Semarang, 1942
Pagi ini Johann membaca Alkitab begitu bangun. Ia semakin dekat pada Tuhannya belakangan ini. Bahkan terkadang Johann ikut bergabung dengan paduan suara gereja.
Aku menduga, akulah penyebabnya. Johann begitu ingin punya anak hingga rajin berdoa. Anehnya selama setahun, Johann tak pernah lagi menyinggung soal akan membaptisku di gereja, juga tak pernah membicarakan soal anak. Hanya saja, kami semakin sering bercinta. Tak lagi setiap malam atau siang hari ketika aku datang ke toko mengantarkan bekal. Sepertinya ia percaya semakin sering kami bercinta, maka semakin besar kemungkinanku hamil.
Sayangnya, sebanyak apa pun benih ditebarkan, apabila tanahnya gersang maka benih itu tak akan pernah tumbuh. Aku lebih buruk daripada tanah gersang. Bapak mencangkul dan memupuk tanah gersang agar menumbuhkan benih. Tetapi, Bapak tak akan pernah bisa mencangkul atau memupuk kandunganku.
Londoku tak pernah mengatakan soal tanah gersang. Ia percaya kepada tuhannya. Katanya, pendeta di gereja mengatakan, semua akan indah pada waktunya. Rencana Tuhan menurut Johann, berbeda dengan rencana manusia. Apa yang menurut manusia baik, belum tentu baik pula menurut-Nya.

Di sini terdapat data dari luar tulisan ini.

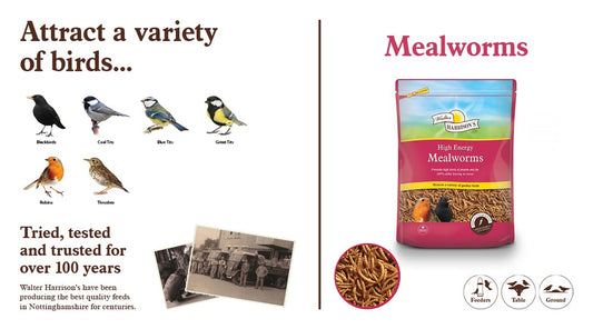 Harrisons High Energy Mealworms 500g – Nutritious Wild Bird Treats Harrisons Dried Mealworms are a highly nutritious and tasty treat for garden birds, providing all the benefits of live mealworms with the convenience of dried feed. Perfect for attracting robins, blackbirds, thrushes, and other insect-eating birds, these mealworms are an...
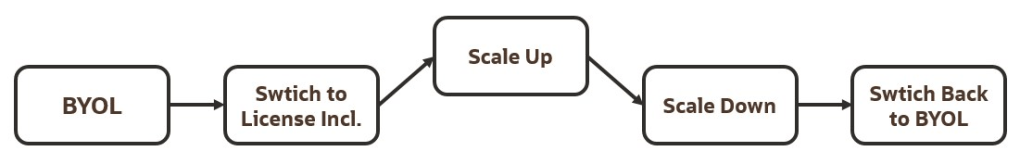 It is possible to switch from License Included to BYOL and vice versa without downtime. For example, you are using BYOL, but need more OCPUs for a specif period of time that you cannot cover with your existing licenses, then you switch to License Included, scale-up (without downtime in Autonomous and Exadata Cloud Services), use more resources, scale down when not needed anymore, and finally switch back to BYOL.

"Bersabarlah, Sum, Tuhan bukannya tidak ingin menjadikan kita orang tua. Dia sedang mempersiapkan kita agar menjadi orang tua yang baik. Berdoalah dan berjanji padaku untuk mengingat Tuhan," hibur Johann sepulang dari gereja. Ia melihatku termenung di depan cermin. "Lagipula, aku belum menikahimu, bukan? Kau tidak mau anak kita jadi gunjingan karena berwajah Eropa tetapi statusnya inlander, bukan?"
Aku terdiam. Johann meraih tanganku.
"Kita perlu udara segar untuk membersihkan pikiran."
Johann menggandeng tanganku, hangat seperti biasa. Minggu siang yang cerah. Anak-anak londo bermain di sepetak lahan. Pohon-pohon besar melindungi keceriaan mereka melalui bayangannya yang meneduhkan. Sepulang dari gereja Johann membawaku ke sana.
Keluarga londo menggelar tikar di atas rerumputan. Keranjang rotan penuh berisi roti dan susu. Anak laki-laki berusia tujuh tahun bermain bola dengan ayahnya, londo bermata biru. Sementara sang ibu, wanita londo memangku anak perempuan yang lebih kecil. Pita putih mengikat rambut kemerahan anak yang membaca buku cerita itu.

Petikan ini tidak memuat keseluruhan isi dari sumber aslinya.